Something in your question is missing, can't tell what. I am also surprised by the answers.

Not sure if you must use lists or if you can use atoms or strings. Atoms and strings have sub_atom/5 and sub_string/5, resp, which can be used for searching. Like this:

?- sub_atom(vnvnvvvvvvnvv, Before, Len, After, vnv).
Before = 0, Len = 3, After = 10 ;
Before = 2, Len = 3, After = 8 ;
Before = 9, Len = 3, After = 1 ;
false.

The same but with strings works with sub_string/5.

And if you are already using SWI-Prolog, you can use library(aggregate) to count solutions:

?- aggregate_all(count, sub_atom(vnvnvvvvvvnvv, _,_,_, vnv), N).
N = 3.

?- aggregate_all(count, sub_atom(vnvnvvvvvvnnnvv, _,_,_, vnv), N).
N = 2.

So far you don't need to program anything. If you must use lists, the two appends are enough:

?- aggregate_all(
      count,
      ( append(_, Back, [v,n,v,n,v,v,v,v,v,v,n,n,n,v,v]),
        append([v,n,n,n,v], _, Back)
      ),
      N).
N = 1.

And remember that you also have the regular expression library library(pcre). If you use the example code from the docs:

:- use_module(library(pcre)).

re_match_count(Regex, String, N) :-
    re_foldl(inc, Regex, String, 0, N, []).

inc(_, V0, V) :- V is V0 + 1.

you can also count, using either atoms or strings:

?- re_match_count('vn{1}(?=v)', vnvnvvvvvvnvv, N).
N = 3.

?- re_match_count("vn{3}(?=v)", "vnvnvvvvvvnnnvv", N).
N = 1.

(Note: these regexes use "zero-width positive lookahead". They were initially borked by me, and fixed after Will Ness noticed the mistake).

In this example all information about the match itself is discarded and only the number of matches is counted. You could do anything you feel using the first argument to re_foldl/6.

Note: you need to measure what works fastest for you. If there is a way to read and keep the strings as Prolog strings, and use library(pcre), that might be faster than other methods.

Finally, if you want to use a DCG for the pattern recognition, you can use the following code to "match anywhere":

match_dcg(G) --> string(_), call(G), remainder(_).

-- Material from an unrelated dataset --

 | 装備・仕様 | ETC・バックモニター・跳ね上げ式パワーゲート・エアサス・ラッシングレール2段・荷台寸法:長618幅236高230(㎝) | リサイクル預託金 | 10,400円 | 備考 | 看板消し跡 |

This now completely ignores what comes before and after, or the position of the match within the list. You can use it like this, with your own open_rep//2:

?- aggregate_all(
       count,
       phrase(match_dcg(open_rep(n, 1)), [v,n,v,n,v,v,v,v,v,v,n,v,v]),
       N).
N = 3.

The difference between match_dcg//1 as defined here and the match//1 in the example in the docs to phrase_from_file/2 is that match_dcg//1 takes another DCG as an argument, not a pattern (substring).

Upvotes: 3

brebs

Reputation: 4456

Here's a better method for a sublist:

sublist1([H|T], Index, Length, Sublist) :-
    sublist1_start_(T, H, 1, Index, Length, Sublist).

% P = previous
sublist1_start_(L, P, Ind, Index, Length, Sublist) :-
    sublist1_loop_(L, P, Ind, Index, 1, Length, Sublist).
sublist1_start_([H|T], _, Ind, Index, Length, Sublist) :-
    Ind1 is Ind + 1,
    % Go to next element
    sublist1_start_(T, H, Ind1, Index, Length, Sublist).

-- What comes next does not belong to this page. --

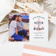 Nautical "tying the knot" wedding save the date cards feature an engagement photo of the couple with a modern and simple wedding monogram of the bride and groom names displayed over a boat anchor. Personalise with your photo, names, and wedding date. Nautical navy blue, white, and blush pink (peachy pink) summer colour scheme. A chic pattern of horizontal stripes dresses up the back of the card.
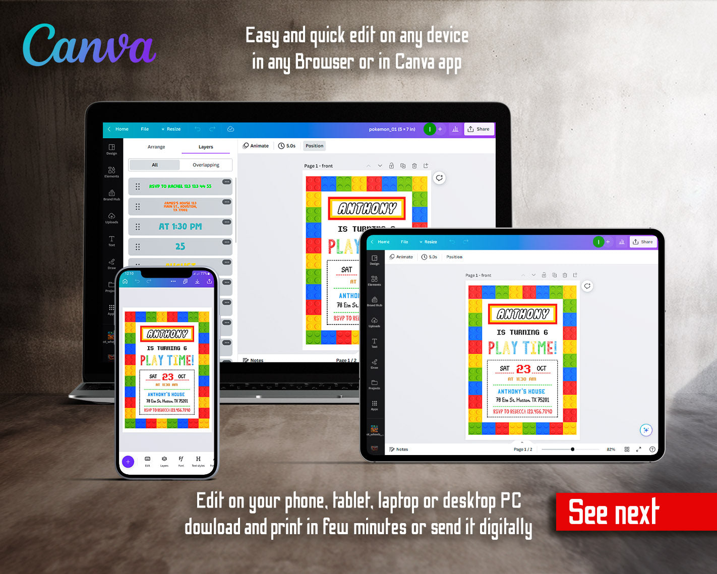 Related Tags: lego invitation, lego birthday, building blocks, lego invite, lego party, bricks invitation, editable invitation, birthday invitation, printable invitation, invite template, ninjago evite, constructor invite, boy birthday

sublist1_loop_(_, H, Ind, Ind, Len, Len, [H]).
sublist1_loop_([H|T], P, Ind, Index, Len, Length, [P|Sublist]) :-
    Len1 is Len + 1,
    sublist1_loop_(T, H, Ind, Index, Len1, Length, Sublist).

Results in swi-prolog:

?- sublist1([a,b,c], Ind, Len, Sub).
Ind = Len, Len = 1,
Sub = [a] ;
Ind = 1,
Len = 2,
Sub = [a, b] ;
Ind = 1,
Len = 3,
Sub = [a, b, c] ;
Ind = 2,
Len = 1,
Sub = [b] ;
Ind = Len, Len = 2,
Sub = [b, c] ;
Ind = 3,
Len = 1,
Sub = [c].

If you want the indexing to start from 0 rather than 1, then change the 1 to 0 in the 2nd line.

I've excluded empty lists.

Upvotes: 1

slago

Reputation: 5519

I think that, even using the predicate append/3, you can still have an efficient solution (at least that's what can be observed with swi-prolog).

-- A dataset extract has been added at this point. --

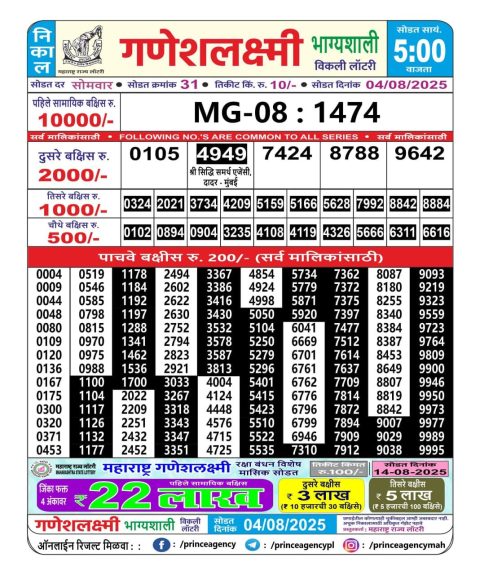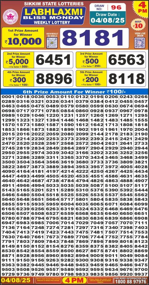 Labh Laxmi Daily Lottery 4PM Result 04.08.2025

count(Pattern, List, Count) :-
    phrase(Pattern, Sublist),
    count(List, Sublist, 0, Count).

count([], _, Count, Count).
count([X|Xs], Sublist, Count0, Count) :-
    (   append(Sublist, _, [X|Xs])
    ->   Count1 is Count0 + 1
    ;    Count1 is Count0 ),
    count(Xs, Sublist, Count1, Count).

% To compare the two versions with large lists

random_list(0, []) :- !.
random_list(N, [X|Xs]) :- 
    random_member(X, [n,v]), 
    M is N-1, 
    random_list(M, Xs).

Comparison of count/3 and count_occurrences/3, using swi-prolog:

?- random_list(1000,L), time(count(open_rep(n,1),L,C1)), time(count_occurrences(open_rep(n,1),L,C2)).
% 4,648 inferences, 0.000 CPU in 0.000 seconds (0% CPU, Infinite Lips)
% 3,003,226 inferences, 1.578 CPU in 1.683 seconds (94% CPU, 1903034 Lips)
L = [v, n, v, v, n, n, n, n, v|...],
C1 = C2, C2 = 116.

?- random_list(2000,L), time(count(open_rep(n,1),L,C1)), time(count_occurrences(open_rep(n,1),L,C2)).
% 9,288 inferences, 0.000 CPU in 0.000 seconds (0% CPU, Infinite Lips)
% 12,006,431 inferences, 11.812 CPU in 12.421 seconds (95% CPU, 1016417 Lips)
L = [n, n, v, v, n, n, n, v, n|...],
C1 = C2, C2 = 229.

?- random_list(1000000,L), time(count(open_rep(n,3),L,C1)).
% 4,905,979 inferences, 0.109 CPU in 0.146 seconds (75% CPU, 44854665 Lips)
L = [n, v, v, v, n, v, n, n, n|...],
C1 = 31246.

?- L = [v,n,v,n,v,v,v,v,v,v,n,v,v], time(count(open_rep(n,1),L,C1)), time(count_occurrences(open_rep(n,1),L,C2)).
% 77 inferences, 0.000 CPU in 0.000 seconds (0% CPU, Infinite Lips)
% 571 inferences, 0.000 CPU in 0.000 seconds (0% CPU, Infinite Lips)
L = [v, n, v, n, v, v, v, v, v|...],
C1 = C2, C2 = 3.

?- L = [v,n,v,n,v,v,v,v,v,v,n,n,n,v,v], time(count(open_rep(n,3),L,C1)), time(count_occurrences(open_rep(n,3),L,C2)).
% 99 inferences, 0.000 CPU in 0.000 seconds (0% CPU, Infinite Lips)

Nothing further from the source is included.